To improve the accuracy of the standard technique, astronomers incorporated additional constraints that arise from the spin-up process and physical limits on the maximum spin period.
Provided by the American Astronomical Society, Washington, D.C.
Pulsar Illustration
Pulsars are spinning neutron stars. As the star's magnetic pole sweeps past Earth, it beams radio emission at terrestrial observers.
NRAO
June 9, 2009
Astronomers at the University of California, Santa Cruz (UCSC), have developed a new technique to determine the ages of millisecond pulsars, the fastest-spinning stars in the universe.

"The standard method for estimating pulsar ages yields unreliable results, especially for the fast-spinning millisecond pulsars," said Bulent Kiziltan, a graduate student in astronomy and astrophysics at UCSC.

"An accurate determination of pulsar ages is of fundamental importance, because it has ramifications for understanding the formation and evolution of pulsars, the physics of neutron stars, and other areas," he said.

Kiziltan has been working with Stephen Thorsett, professor of astronomy and astrophysics at UCSC, to study the evolution of millisecond pulsars.

A pulsar is a rapidly rotating neutron star - the collapsed core that remains after a massive star explodes as a supernova. The pulsar emits beams of radio waves (as well as x rays and gamma rays) from the magnetic poles of the neutron star. Because the magnetic poles are not aligned with the star's spin axis, the beams sweep around like a lighthouse beacon, sending pulses of radio waves toward observers on Earth. The period between each pulse of radio waves corresponds to the rotation rate of the neutron star.

"In most cases, the only information we have is the radio pulse we receive from these compact stars," Kiziltan said. "From these pulses we are trying to determine the ages, masses, and orbital parameters."

Ordinary pulsars tend to rotate a few times per second, and they gradually slow down with age, eventually becoming too faint to detect. Millisecond pulsars, however, rotate hundreds of times per second. They achieve these extraordinary spin rates by pulling in material from a binary companion star, a process that transfers angular momentum from the companion to the pulsar.

"This spin-up process is essentially like giving CPR to a dead or dying pulsar, giving it a second lease on life," Kiziltan said.

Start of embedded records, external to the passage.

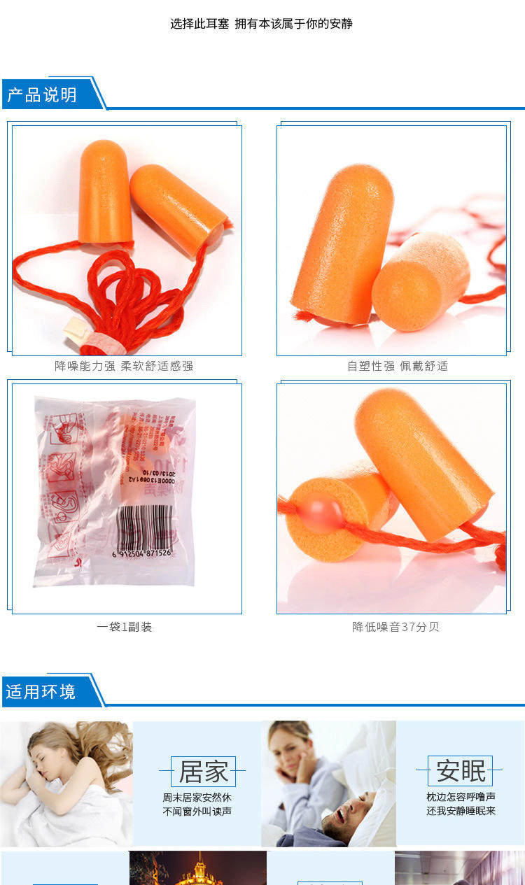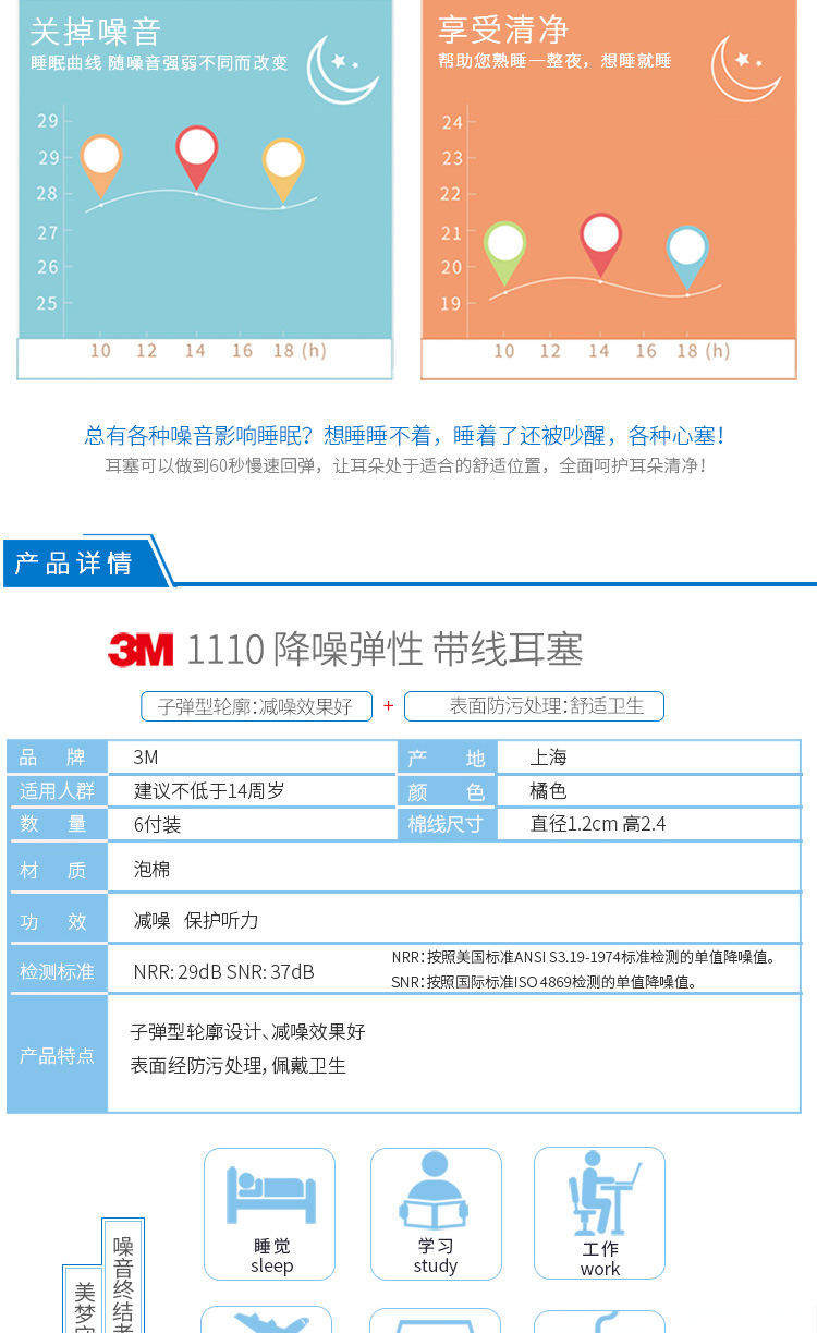 3 -метровые затычки для ушей 1110 Анти -нитизированный сон супер студенческий анти -снорирование
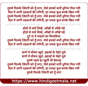 Lyrics of Tumse Milke Jindagee Ko Yu Laga - तुमसे मिलके ज़िंदगी को यूँ लगा
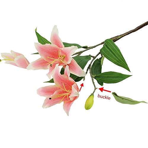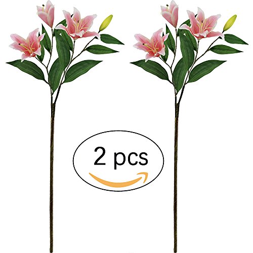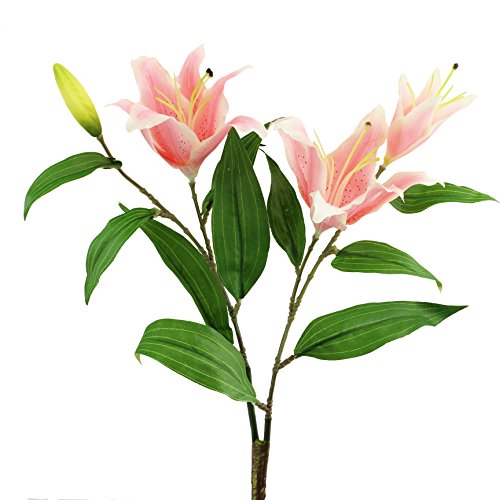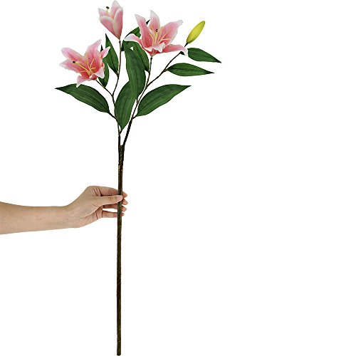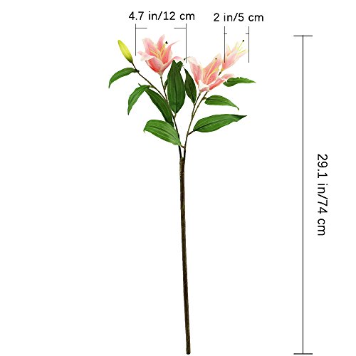 Supla 2 Pcs Real Touch Silk Flower Multi-headed Tiger Lily Spray with leaves29" Tall x 4.7" Diameter in Pink florist flowers for floral arrangement
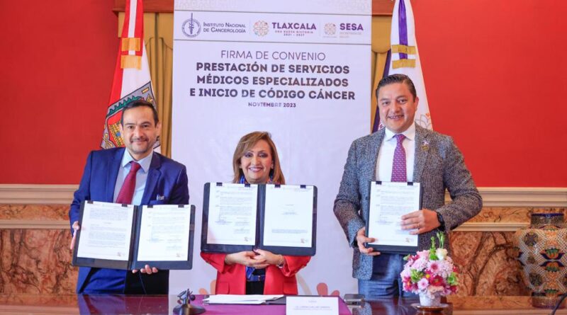 Con la finalidad de que las tlaxcaltecas que sean diagnosticadas con cáncer de mama tengan garantizado el acceso a los servicios especializados de salud, la gobernadora, Lorena Cuéllar Cisneros firmó un convenio de colaboración con el Instituto Nacional de Cancerología (Incan) de la Ciudad de México.
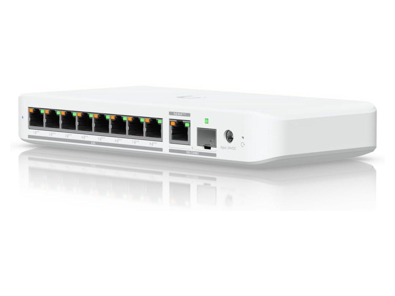 - Flexible, 8-port 2.5 GbE PoE++ switch with a 10 GbE RJ45/SFP+ combination uplink port that can be powered with PoE+++ or an AC power adapter**.
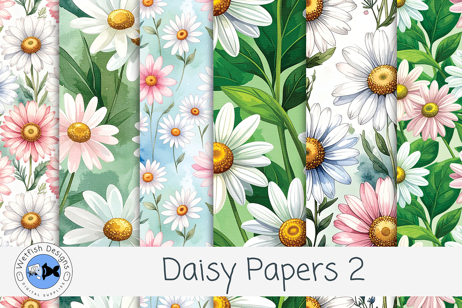Add a fresh floral touch to your designs with this set of 6 daisy-themed digital papers. Featuring soft watercolor textures and charming botanical arrangements, these high-resolution backgrounds are perfect for a wide range of creative projects.
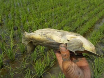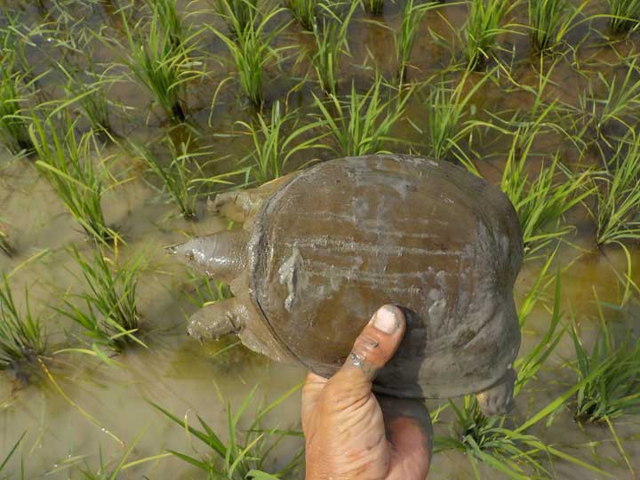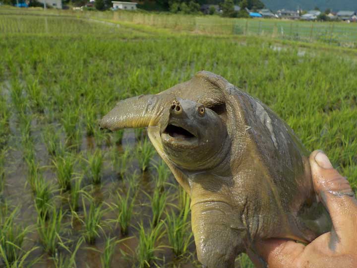 田んぼの中を歩いていると、ぬるっと動くものがいるときがあります。だいたいこういうときは亀かスッポンで、今回はスッポンでした。
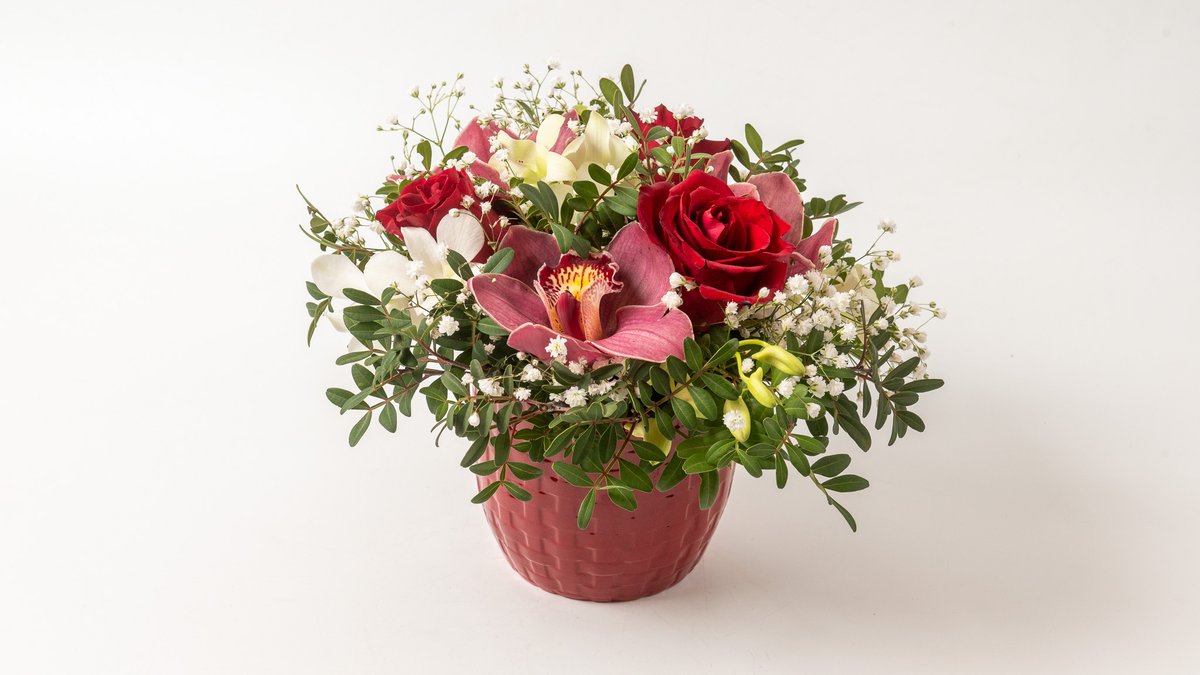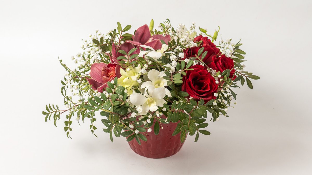 Σύνθεση Μεσαία Με Ορχιδέες, Τριαντάφυλλα σε Κασπω, σε Κόκκινες Αποχρώσεις
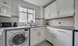 The kitchen is fitted in a contemporary style with a range of wall and base units providing good storage and worktop space. There is a built in oven with gas hob and extractor hood above, along with a stainless steel sink and drainer with mixer tap. Tiling has been added to the main splashback areas for easy cleaning, and there is space for a washer dryer and fridge freezer. A rear aspect window brings in natural light, making it a pleasant place to cook. Laminate flooring runs through the kitchen and continues into the main living areas, creating a smooth and practical finish.
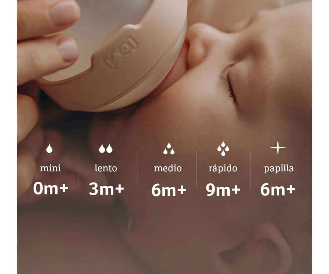 - Tetina disponible en diferentes flujos que se adaptan al desarrollo de los peques
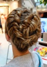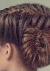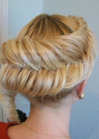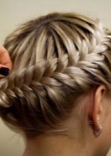 Από τις ληφθείσες πλεξίδες, το πλεξούδα πλένεται ξανά χρησιμοποιώντας την κλασσική μέθοδο. Ως αποτέλεσμα, η βάση του προκύπτοντος hairstyle μοιάζει με ένα ημικύκλιο. Αυτή η ύφανση είναι ιδανική για κορίτσια με χοντρές κυματιστές τρίχες.
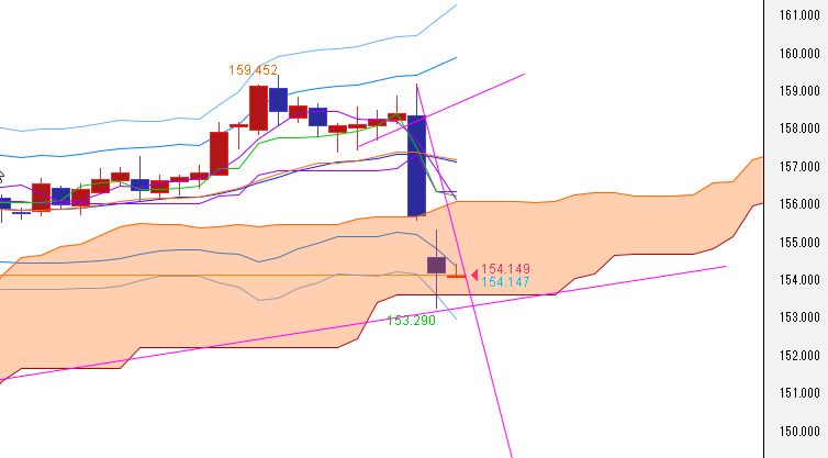 日足、3σ下限、雲中 10月2日-1月26日の上昇ラインがサポート。23日からの下降ラインが上値抵抗。5日線、20日線下向く。
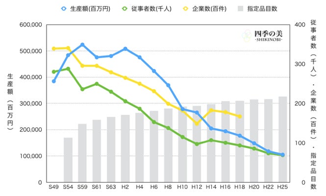 (出典:出典:四季の美 数値出典:(財)伝統的工芸品産業振興協会 ※平成18年度以降の企業数不明)
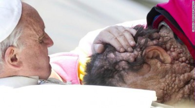 المعانقة بين البابا فرنسيس وهذا الرجل المريض، أذابت قلوب الملايين عبر مختلف أنحاء الأرض، وسرت في مواقع التواصل الاجتماعي سريان النار في الهشيم.فقد عانق الحبر الأعظم رجلا تسبب مرض نادر في تغيير ملامحه وتدمير وجهه لدرجة مرعبة ورغم ذلك وضع البابا يديه على رأسه ليصلي من أجله. وجرت المعانقة في الفاتيكان الأربعاء في التجمع العام الذي ضم 50 ألف شخص، وسرعان ما سيطرت على تعليقات المغردين وحتى من ضمن الملحدين.
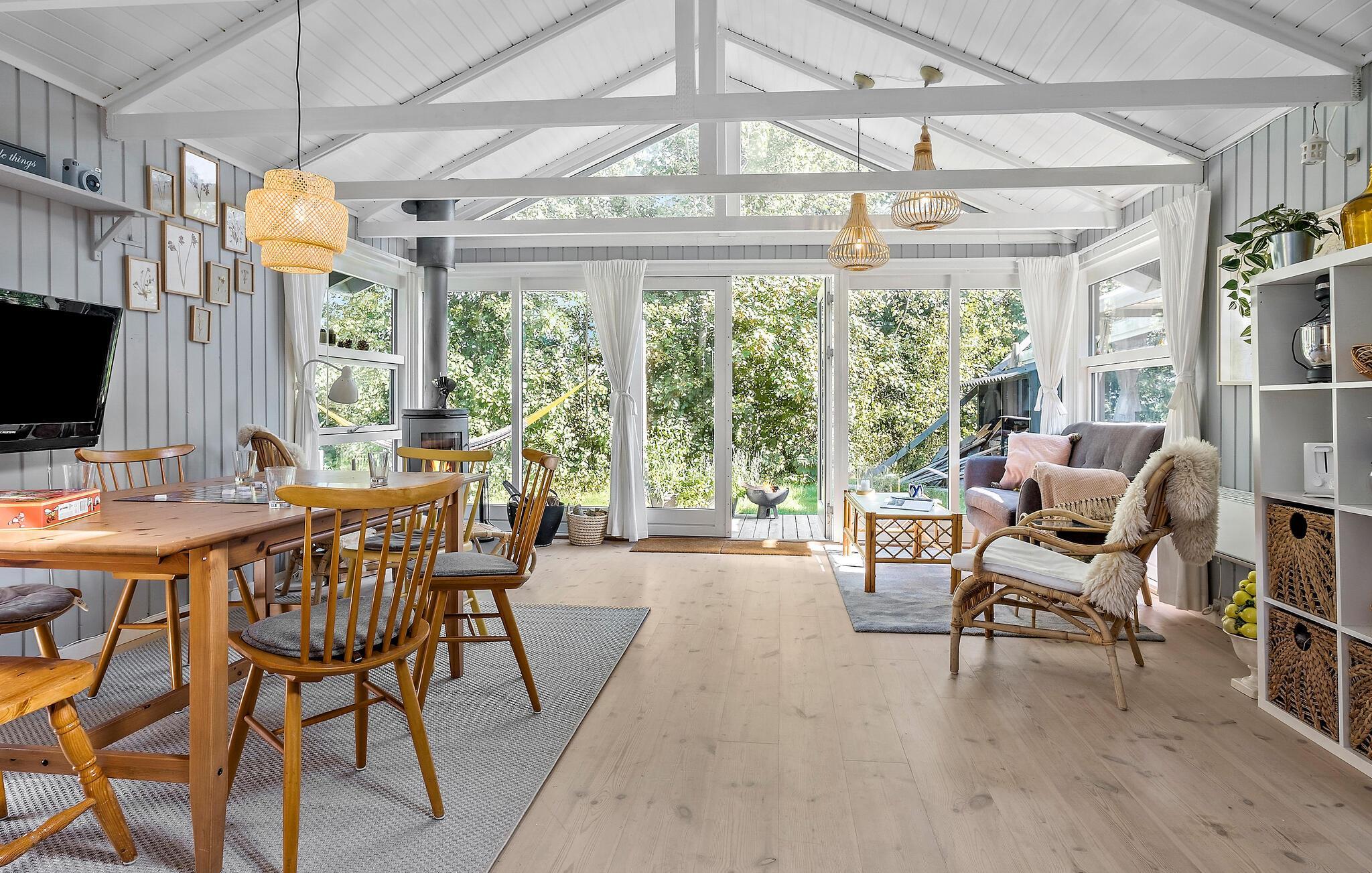 Velkommen i det grønne! Der er meget fredfyldt på denne grund, hvor de rolige omgivelser får alle til at sænke tempoet. Her får I et godt afbræk fra hverdagen og kan lade op mellem jeres spændende oplevelser i Odsherred. Også indendørs emmer huset af ro, lys og natur. Efter en hyggelig middag ved spisebordet kan I samles om brætspil og snakke om, hvad I skal ud at se i morgen. De lækre, moderne indretningsløsninger giver jer sikkert lyst til at holde mange små pauser i løbet af dagen, hvor man kan kigge ud af vinduerne mod haven og bare dagdrømme.

The standard approach to determine the "characteristic" or "spin-down" age of a pulsar is based on two parameters: the period between pulses and the rate at which they slow down. Kiziltan and Thorsett showed that this method may overestimate or underestimate the age of a pulsar by a factor of 10 when applied to millisecond pulsars.

To improve the accuracy of the standard technique, they incorporated additional constraints that arise from the spin-up process and physical limits on the maximum spin period. "We modified the age calculations to be consistent with these constraints and showed that this approach can achieve estimates closer to the true age of the pulsar," Kiziltan said.

They show that, in some cases, millisecond pulsars that appear to be young can be several billion years older. In other cases, young millisecond pulsars may mimic the characteristics of pulsars that are as old as the galaxy itself.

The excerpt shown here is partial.